Media agencies say they need this revenue as clients don’t pay enough. And they have lots of mouths to feed. There aren’t many creative agencies in London with as many people as Maxus, the newest of the WPP/GroupM media agencies alongside MediaCom, MEC and Mindshare.

14_559e5600aaf27_1436440064_2And Maxus has just promoted its top planner, Jen Smith (left), to the new post of global creative director. Inviting the question: why does a media agency need one?

Maxus says Smith will aim to deliver outstanding creative work for clients, as well as expand the UK creativity leadership programme to all Maxus employees worldwide. She developed the agency’s creativity training scheme, in which ten per cent of Maxus UK employees are tasked with improving creative problem-solving and becoming “creative champions” across the agency.

Nobody would deny that in a joined-up communications world media planners and buyers need to know something about creativity and that this should inform their choices. Whether it does or not is a moot point: there’s pressure on the media agencies to use the media that offer them the biggest discounts, whatever a planner might say.

But, that aside, what will follow from the appointment of such creative leaders in media agencies? Maxus isn’t the only one.

The logical consequence is that they’ll start pitching for, winning and producing creative work. Why have them otherwise? It already happens to a degree. Successful UK indie media shop the7stars is running the latest instalment of a campaign, ‘Suzuki Saturdays’ with the ubiquitous Ant and Dec, that might have been expected from Suzuki’s UK creative agency The Red Brick Road. In this case the production is supplied by ITV but it’s the7stars acting as creative as well as media agency in all but name. And the campaign (below) is fine if that’s your thing. The sub-titles are a bit peculiar but maybe research shows that people don’t know their Ant from their Dec.
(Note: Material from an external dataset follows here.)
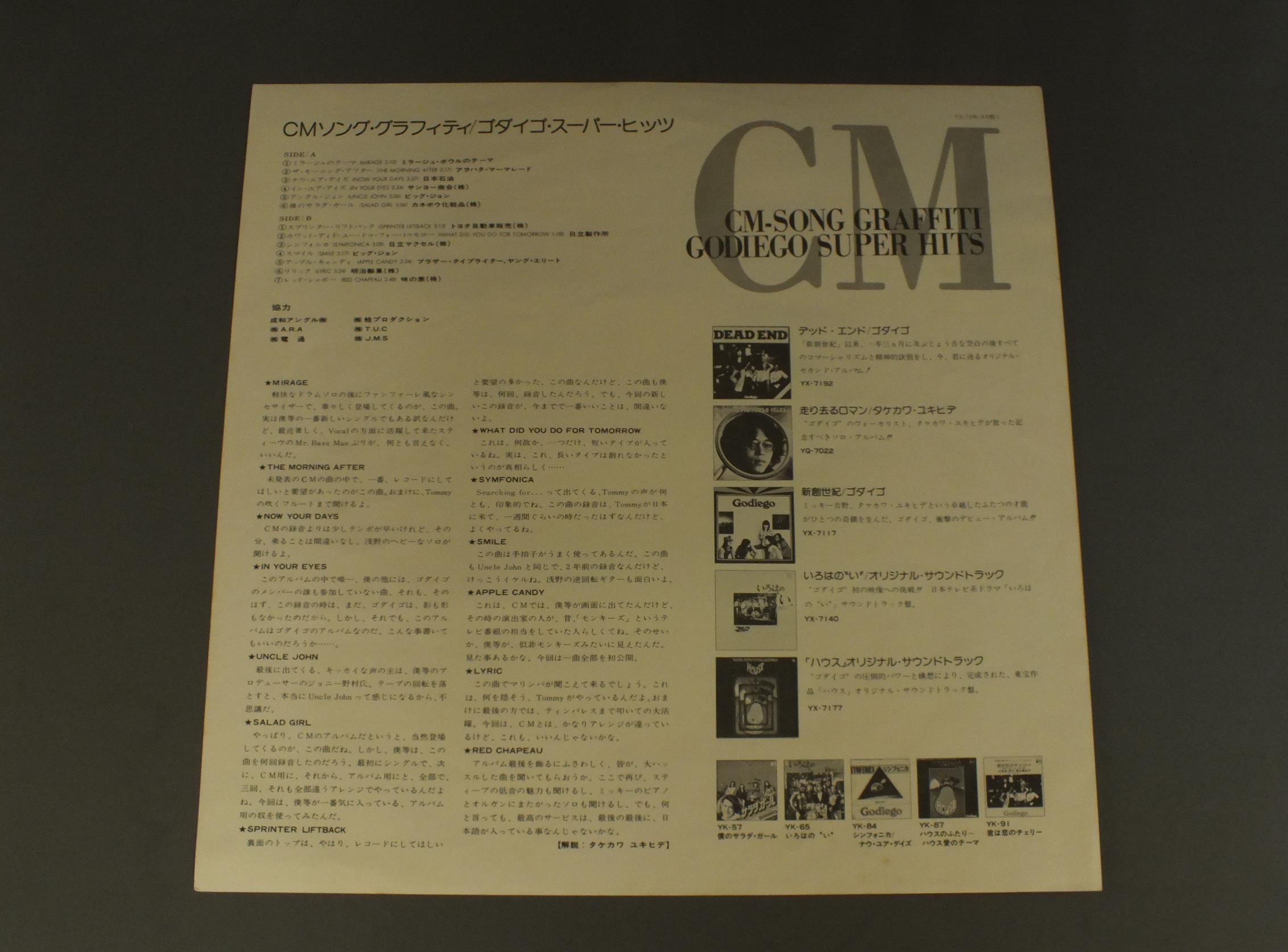 GODIEGOゴダイゴ/CM-SONG GRAFFITI GODIEGO SUPER HITSCMソング・グラフィティ ゴダイゴ スーパー・ヒッツ YX7196AX 製造国:日本盤 / Media:LP外観:EX盤の状態:EX-帯:EX 価格(税込):¥770(売約済) 送料 7inch:定形外郵便 360円~LP:定形外郵便 660円~送料は、注文の最終画面で確認頂けます。 > > GODIEGO/CM-SONG GRAFFITI GODIEGO SUPER HITS 外観 (EX)特記事項:特記なし。外観EXの共通説明:ダメージが限定的。中古品としては保存状態がよい方。シミ、ヨゴレ、スレ 少し~軽度。 盤の状態 (EX-)特記事項:薄いスリキズ・細かい表面スレ軽くある感じ。全体的には殆どが軽微なものの様子です。盤EX-の共通説明:盤面のスリキズが多少有り。音に出そうなものは殆ど無いように見える~さほど気にならないぐらいの軽いプチ数カ所程度。 帯の状態 (EX):特記なし。 Tweet それぞれの画像をクリックすると、大きい写真が見られます こちらの商品もお勧めです 1,870円 TAKURO YOSHIDAよしだたくろう / ON STAGEオン・ステージ ともだち 770円 CANDIESキャンディーズ / CANDY LABELキャンディ・レーベル 440円 MARI AMACHI天地真理 / BRIDGE OF A RAINBOW虹をわたって 660円 MASAMICHI SUGI杉真理 / SYMPHONY #10シンフォニー10 880円 MASA TAKAGI高木麻早 / 1st ALBUM高木麻早 1,320円 MASAAKI HIRAO平尾昌晃 / SING MASAAKI HIRAO平尾昌晃を歌う 770円 CIRCUSサーカス / NEW HORIZON 660円 LILYりりィ / TAEKOタエコ

Once the real biggies of the media agency world start doing this at scale there’ll be trouble. Media agencies already take the lead in most campaign planning.

Creative agencies are trying to fight back, mainly through trying to grab media planning from media agencies. MullenLowe has its Mediahub operation while The&Partnership has m/SIX Media, which offers the works as it benefits from part-owner WPP’s volume deals with big media owners. But these are really minnows in comparison to the big media agencies which employ thousands of people.

Increasingly we see big accounts moving both media and creative to the same holding company. Someone told me the other day that this is because the winners offer the creative at cost or less so long as they keep the media – which is where, as we said, the real money is. If the creative goes somewhere else, then the client is no longer guaranteed the supposedly advantageous media deals.

It’s a big issue for creative agencies, whoever they’re owned by. What seems incontestable is that, in many cases, they’re being pushed to the margins of the business.